This species (Plate [88], Fig. 1) is also known as sinuata, Hübner. The white fore wings have a blackish patch at the base and a blackish mark on the front margins beyond the middle; the former is separated into two parts by a pale reddish-brown band, and there is a reddish band, most distinct on the front area, beyond the black mark; in some specimens these bands are greyish.
The caterpillar is green, sometimes inclining to yellowish, with two black or purplish stripes, enclosing a broader pale yellow one, along the back; head, green, freckled with black.
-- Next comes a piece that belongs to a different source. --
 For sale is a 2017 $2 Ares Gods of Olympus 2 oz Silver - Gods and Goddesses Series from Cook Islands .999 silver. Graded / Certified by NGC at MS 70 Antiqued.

It feeds on the flowers of bedstraw (Galium mollugo, and G. verum), in July and August, or later in some seasons.
The moth is out in late June and in July, and occasionally may be disturbed from its food plant or the surrounding herbage. About dusk it is on the wing, and later is attracted by light. It seems to occur in most of the English counties from Kent to Cornwall; also in Berks., Oxon., Herts, and the eastern counties. Always local, and except in the east, where it is found in the Breck-sand area, most frequent in chalky localities. Barrett notes a specimen from Knowle, Warwickshire, and there are at
least two records from Scotland (Perthshire). In Ireland, Mr. W. F. de V. Kane took one example from a wall in co. Clare, and another has been recorded from Galway.
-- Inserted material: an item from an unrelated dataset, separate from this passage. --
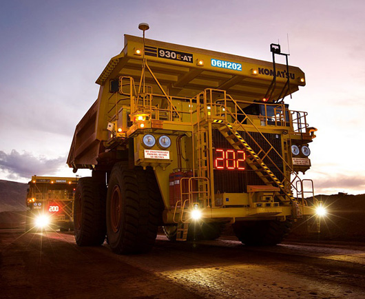 코마쯔는 2008년에 세계에서 처음으로 무인 덤프 트럭 운행 시스템(AHS)을 실용화해, 지금까지 칠레나 호주등의 대규모 광산에서 누계 10억 톤 이상의 운반 실적을 가진다.향후도 광산기계의 가동 최적화, 원격 조작, 무인화를 적극적으로 진행하는 것으로 광산 현장의 안전과 생산성 향상에의 공헌을 목표로 한다.

The range of the species abroad extends to Siberia and Amurland; and it is represented in Corea and Japan by A. yokohamæ, Butler.
The Shoulder Stripe (Anticlea badiata).
The ground colour of the fore wings is pale ochreous brown, inclining to whitish; there are three dark-edged black cross-lines, the first of them sharply bent below the front margin, the second is rather oblique, and the third is wavy and often not clearly defined towards the inner margin; the outer marginal area is broadly bordered with pale reddish brown or dark purplish brown, there is a black streak from the more or less indistinct, whitish submarginal line to the tips of the wings, and a white mark about the middle of the line; the ground colour is most in evidence on the central area of the wings, but even here it is frequently reduced to a slender band, or occasionally only a patch near the front margin of the wing. (Plate [88], Figs. 2-4.)
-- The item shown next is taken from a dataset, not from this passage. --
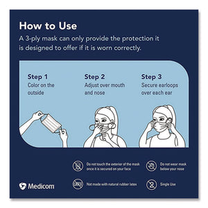 Three-Ply Disposable Face Mask, Paper, One Size Fits Most, 50/Box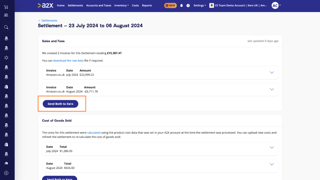 For settlements that include an August and September portion, for example if the Settlement covers 23 July to 13 August, there are a few extra steps you will need to take to ensure your data is accurately posted for each period:

The caterpillar (Plate [89], Fig. 1) is green, inclining to yellow between the rings; the spiracles are black, and there is sometimes a pinkish brown or purplish stripe along their area. Varies in general colour, and also in marking. It feeds, at night, on wild rose, and may be beaten from the bushes from May to July. When full grown it forms an oval cocoon in the earth, and therein changes to a chrysalis (Plate [89], Fig. 1a), which is dark reddish brown, inclining to blackish on the thorax, wing-cases, and the front edges of the body rings.
The moth appears in March and April, and may be obtained from almost any hedgerow, where wild rose is plentiful, throughout the British Isles, except that it seems not to extend north of Moray in Scotland.